==== Data shown ====
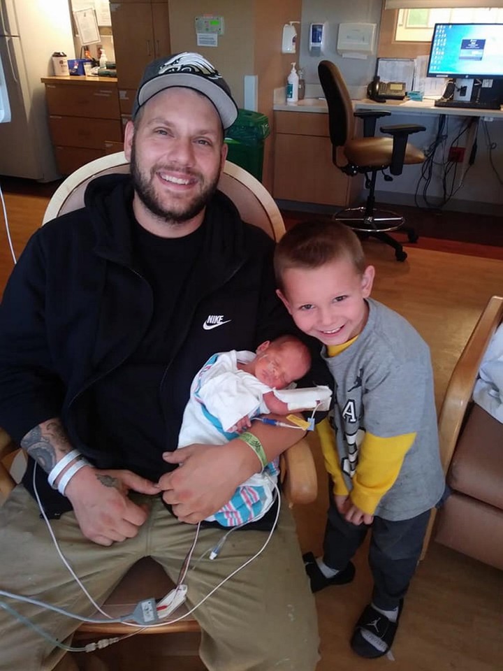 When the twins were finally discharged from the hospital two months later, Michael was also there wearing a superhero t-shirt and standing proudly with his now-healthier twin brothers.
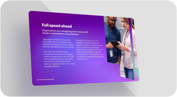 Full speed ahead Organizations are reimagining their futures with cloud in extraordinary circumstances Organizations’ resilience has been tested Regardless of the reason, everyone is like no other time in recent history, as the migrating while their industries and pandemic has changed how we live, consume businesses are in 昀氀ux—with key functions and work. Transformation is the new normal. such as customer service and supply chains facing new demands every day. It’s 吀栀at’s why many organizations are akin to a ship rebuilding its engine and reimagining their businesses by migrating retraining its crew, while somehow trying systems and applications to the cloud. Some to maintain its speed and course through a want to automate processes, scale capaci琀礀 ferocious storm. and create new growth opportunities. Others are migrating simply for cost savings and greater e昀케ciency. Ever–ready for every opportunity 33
====
==== Data shown ====
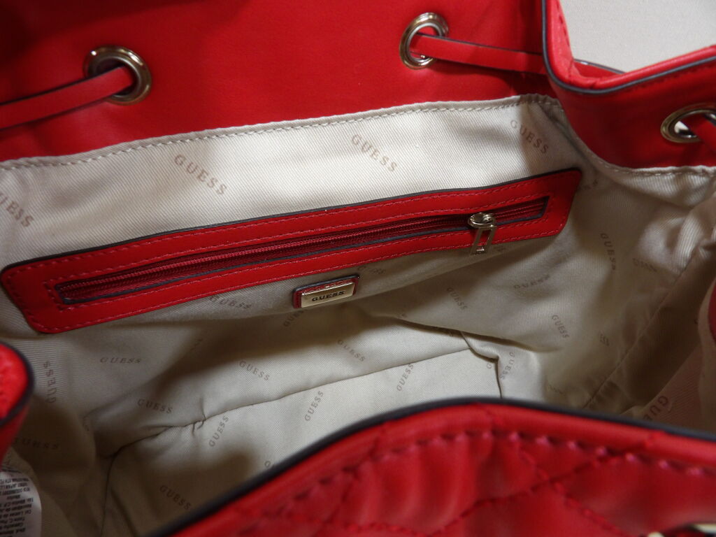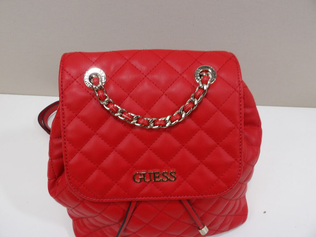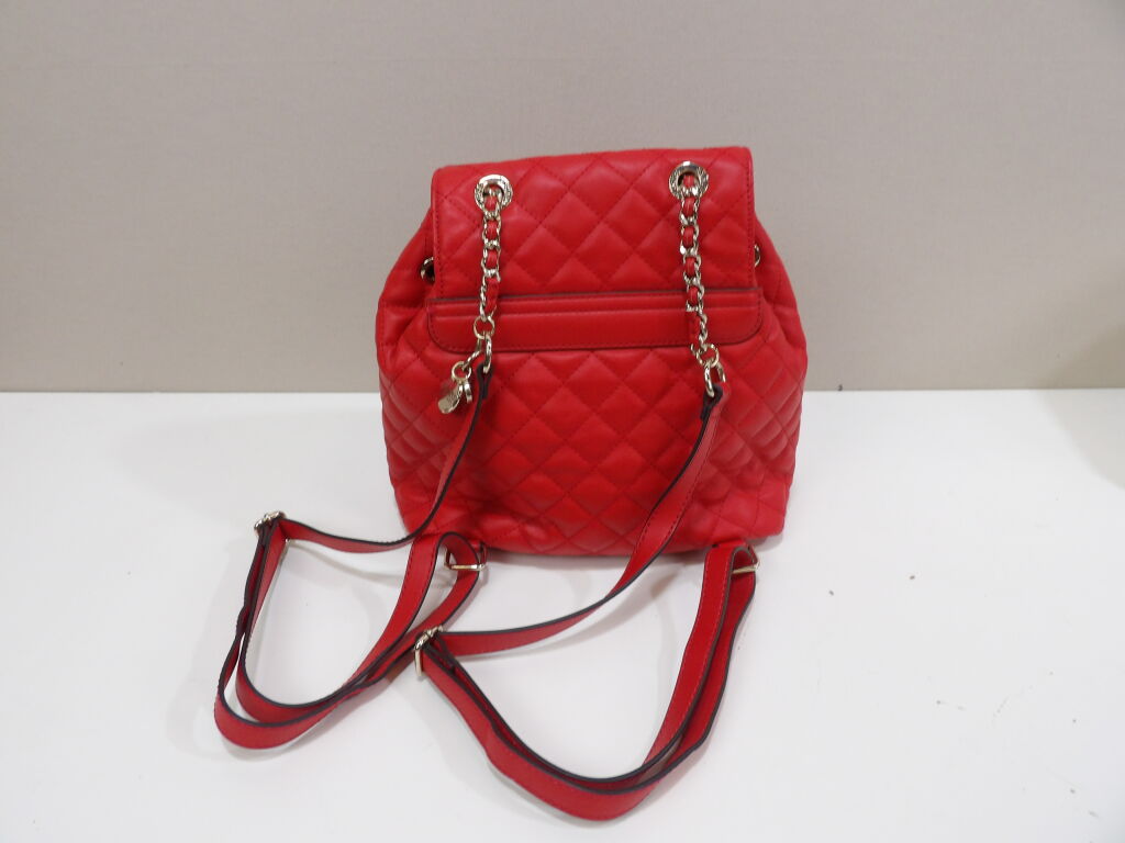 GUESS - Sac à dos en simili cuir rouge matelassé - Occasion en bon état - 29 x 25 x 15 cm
====
Exercise requirements →
Return exactly the lines of the material above, starting at the line containing "When the twins" and finishing at the line containing "Full speed ahead", without any pictures.

Final answer →
 When the twins were finally discharged from the hospital two months later, Michael was also there wearing a superhero t-shirt and standing proudly with his now-healthier twin brothers.
 Full speed ahead Organizations are reimagining their futures with cloud in extraordinary circumstances Organizations’ resilience has been tested Regardless of the reason, everyone is like no other time in recent history, as the migrating while their industries and pandemic has changed how we live, consume businesses are in 昀氀ux—with key functions and work. Transformation is the new normal. such as customer service and supply chains facing new demands every day. It’s 吀栀at’s why many organizations are akin to a ship rebuilding its engine and reimagining their businesses by migrating retraining its crew, while somehow trying systems and applications to the cloud. Some to maintain its speed and course through a want to automate processes, scale capaci琀礀 ferocious storm. and create new growth opportunities. Others are migrating simply for cost savings and greater e昀케ciency. Ever–ready for every opportunity 33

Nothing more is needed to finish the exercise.